A colleague at the University of Pennsylvania makes this point that the average American parent has not seen measles. They probably haven’t seen chickenpox or mumps because of the vaccine. They consent to give their children these vaccines because they are assured that the vaccines are safe and efficacious. That is the thing that we hold as vaccine developers to a high standard. People trust us that these vaccines are going to work and that they’re not going to harm people. When you think about a COVID vaccine and you think about cutting corners, rushing, or approvals that haven’t met all of the FDA rules and regulations, it makes you worry that maybe we’re slipping in terms of that commitment to safety and efficacy.

The Head of the FDA, Dr. Hahn, published a paper in the Journal of the American Medical Association that says, “We will not stint on safety.” It’s the basis for their credibility.

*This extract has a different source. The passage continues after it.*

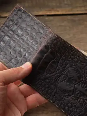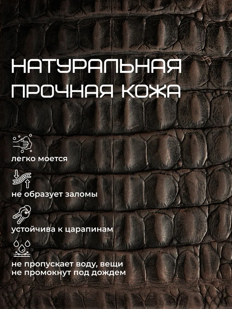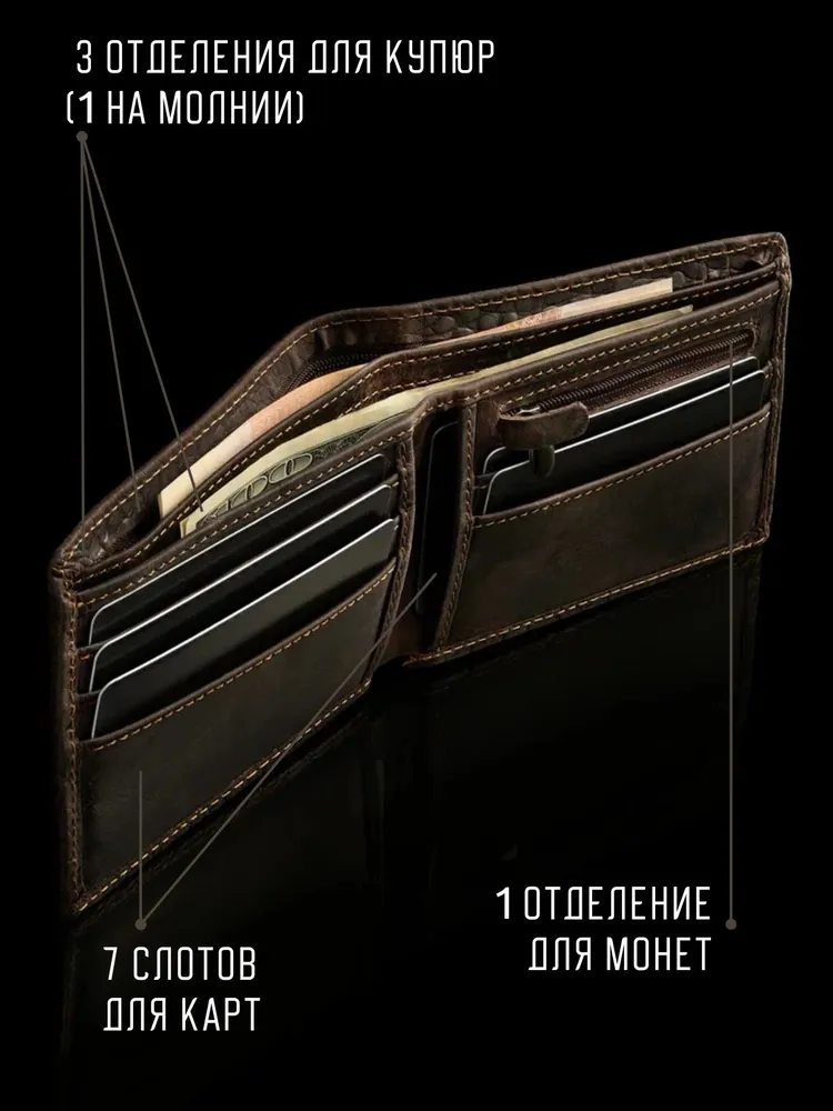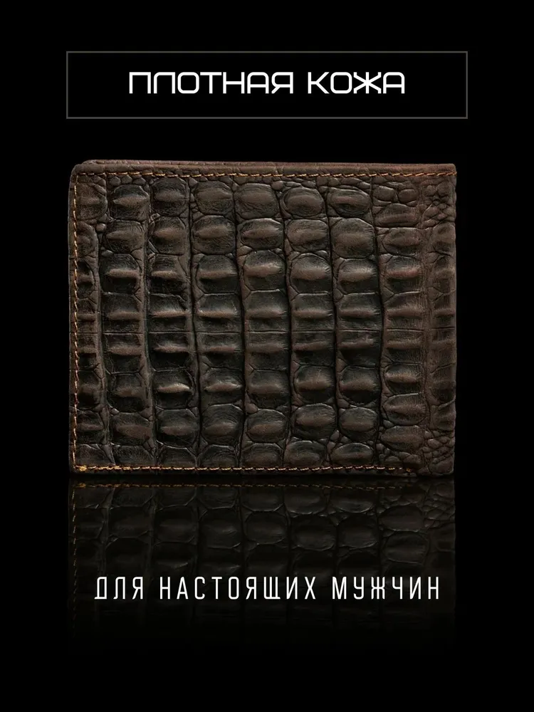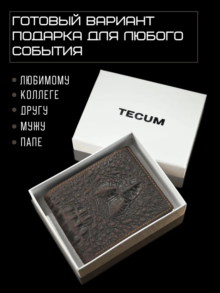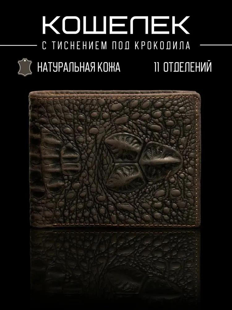 Незаменимый мужской аксессуар. - Натуральная кожа - Удобный и функциональный - Премиальное качество Узнайте больше в описании ↓ Стильный кошелек из натуральной кожи с тиснением под крокодила. Полезный мужской аксессуар для всех, кто хочет держать важные мелочи, карты и вещи всегда под рукой. Натуральная плотная кожа с тиснением под крокодила - все это подчеркнет ваш статус и хороший вкус. Компактный. При своей высокой функциональности, кошелек занимает весьма мало места в кармане, сумке или рюкзаке. Прочный и надежный. Материал кошелька надежный, износостойкий, не поддается стиранию и механическим повреждениям. Качественная прошивка и фурнитура позволит прослужить кошельку долгое время. Вместительный. Несмотря на компактный размер, в бумажнике 11 отделений для мелочи, прав, карт, купюр или документов! Удобный и элегантный. Красивая расцветка в коричневом оттенке и приятное тиснение под крокодила понравятся каждому любителю оригинальных аксессуаров. Кожа отличается фактурой с необычным и приятным ощущением в руках и обладает высокой прочностью и устойчивостью к повреждениям. Идеальный мужской презент! Вы можете использовать этот кошелек повседневно, так и в качестве оригинального презента! Красивая и плотная подарочная коробка в комплекте, в которой вы смело можете дарить кошелек дорогим, важным и близким вашим людям. Стиль в каждом движении. Кошелёк легко помещается в карман, не утяжеляет и выглядит эффектно. Минимум лишнего — максимум уверенности и вкуса. Добро пожаловать в наш магазин бренда TECUM! Пользуйтесь с удовольствием нашими изделиями! Кликайте на фото, заходите к нам на страничку и выбирайте подходящие для вас или ваших близких аксессуары нашего магазина под ваш стиль жизни. Спасибо за выбор нашего магазина. Ваш бренд TECUM!

The reputation that the US FDA has worldwide is a highly stringent national regulatory authority. If it’s something that the FDA says is true, that it’s going to be safe and effective, they don’t want to lose that. They’re nervous when people talk about, “We’re going to expedite this. We’re going to issue the approval at a certain date.” Until we see the data and we know that it’s safe and effective, I don’t think they’ll want to do it.

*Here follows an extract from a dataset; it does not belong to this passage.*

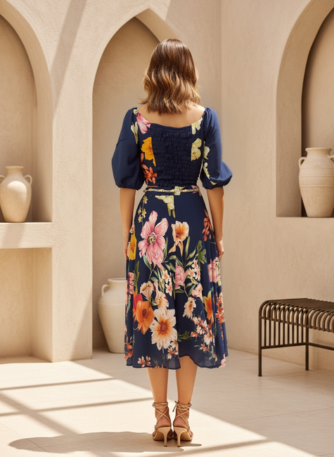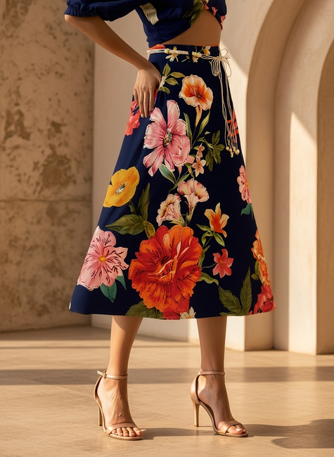 Essa saia midi é a escolha perfeita para quem busca um visual elegante, feminino e marcante. Com estampa floral vibrante, ela traz um toque tropical sofisticado, ideal para compor looks em ocasiões casuais ou mais refinadas. A modelagem evasê valoriza a silhueta com leveza e fluidez, proporcionando movimento e conforto ao caminhar. O cós ajustado com amarração acrescenta um detalhe charmoso e garante melhor caimento ao corpo. Combine com sandálias de salto ou rasteiras para um look versátil e cheio de personalidade.

It’s interesting because before I sold Cipro, we had a drug called Omniflox that they had approved by the FDA, which was similar to Cipro. It looked great but when it got on the market, we saw some issues. They had to take it off. You don’t know what you’re going to see. I’m thinking about the FDA and the WHO. I remember the drugs that we would sell. Maybe a dose would be something here in the US but would become something different in different countries. When you do a vaccine like this, is it the same throughout the world? Is it different like it is with pharmaceuticals where it can vary from country to country?

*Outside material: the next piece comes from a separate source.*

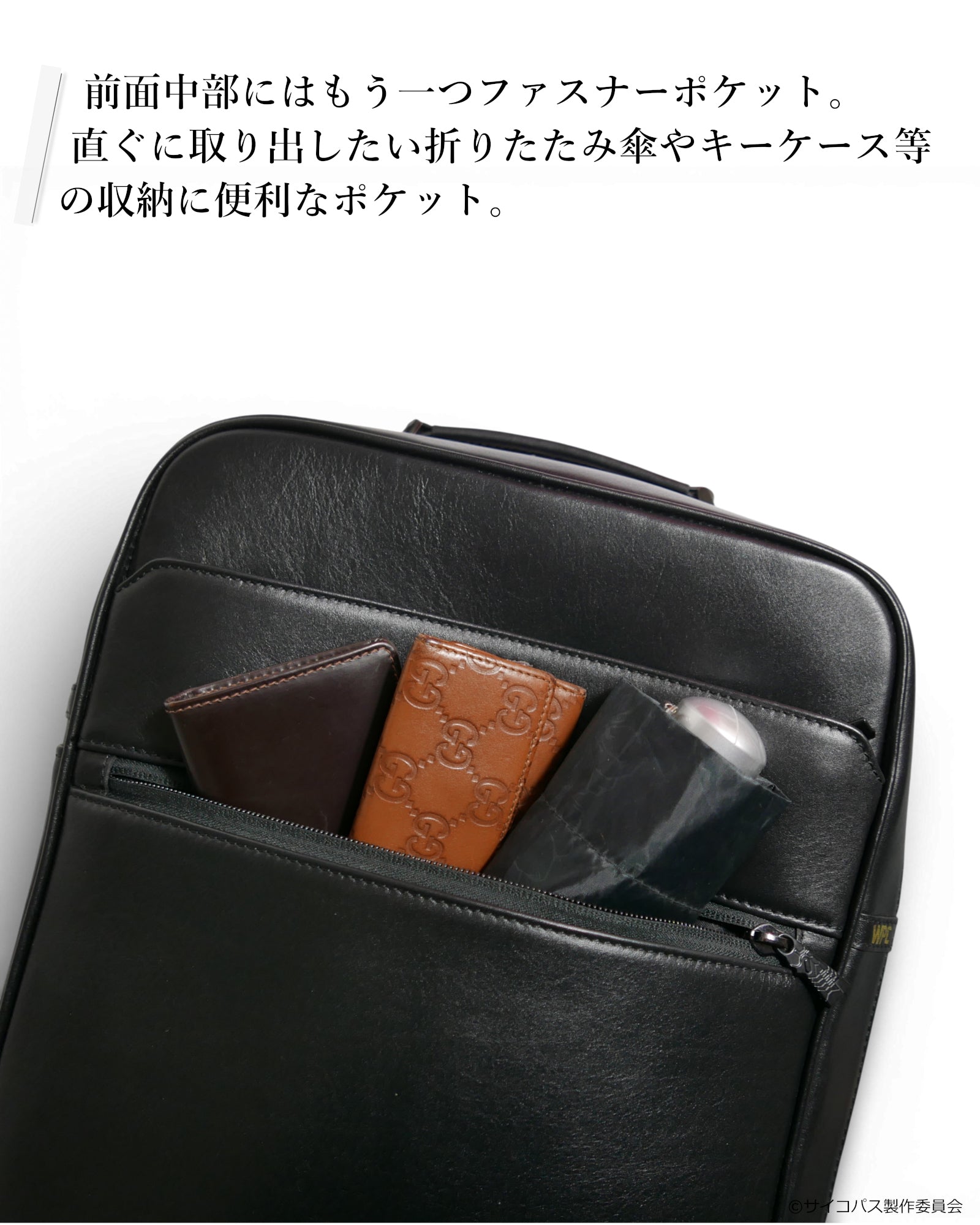 コラボ商品でありながら、ビジネスシーンにも日常のコーディネートにも馴染むよう、シンプルで上質なデザインに仕上げています。

It depends on the company. Typically, a company that makes a vaccine is going to make one form. The reason is that vaccines are biologicals. They’re also given to healthy people to keep them healthy. The standard for establishing safety and efficacy is slightly different. A phase three trial with a vaccine is not a few hundred people or 1,000 people. It’s at least 3,000. That’s both the WHO and FDA minimum standard but it can involve tens of thousands of people. The COVID trials are between 20,000 and 40,000. There have been larger trials. Our HIV vaccine trial was not a true phase three, but a 2b trial, with 16,000 people. That helps you to establish a broad baseline for side effects in a normal population. Typically, anything over 3,000 gives you a good read on rare side effects.

There is one thing that we can’t predict. This is where continued follow-up and careful attention to safety is important for vaccines. We’re pretty sure that we vaccinate people in a phase three trial. Thousands to tens of thousands of people are followed for a year or two, and a vaccine appears safe. What we don’t know is maybe 3, 4, or 5 years as the immune responses, the defensive response against the vaccine begins to decrease. Are we going to see something bad happen? That actually happened with one of the Sanofi vaccines, a vaccine against the viral disease called dengue. It turns out that it looks great in year 1 and 2. After year two, we started to see maybe as a suggestion that there might be a worse disease in people who had never been exposed to dengue before. As a result, the company intensified its effort to understand that question. They answered it definitively that in fact, there was a problem. They had to change the recommendations. This is a vaccine that was in thousands of people in order to try to evaluate the fact that it was safe and effective. It wasn’t until much later that side effects appeared. They commit to initial safety and efficacy, and they also have to commit to the longer term.

That Sanofi vaccine was in development for years. COVID vaccines will be in development for a year. The companies and the organization’s countries are going to need to commit to continuing to follow-up on those volunteers. Volunteers in vaccine trials are, in a sense, brave. They’re taking a vaccine that no one knows the safety or efficacy for. They’re consenting to be vaccinated with an experimental vaccine. We owe it to them to be able to say, “Thank you for what you’re doing. We’re going to do everything we can to make sure that nothing bad happens to you.” By and large, they do. That’s an important commitment.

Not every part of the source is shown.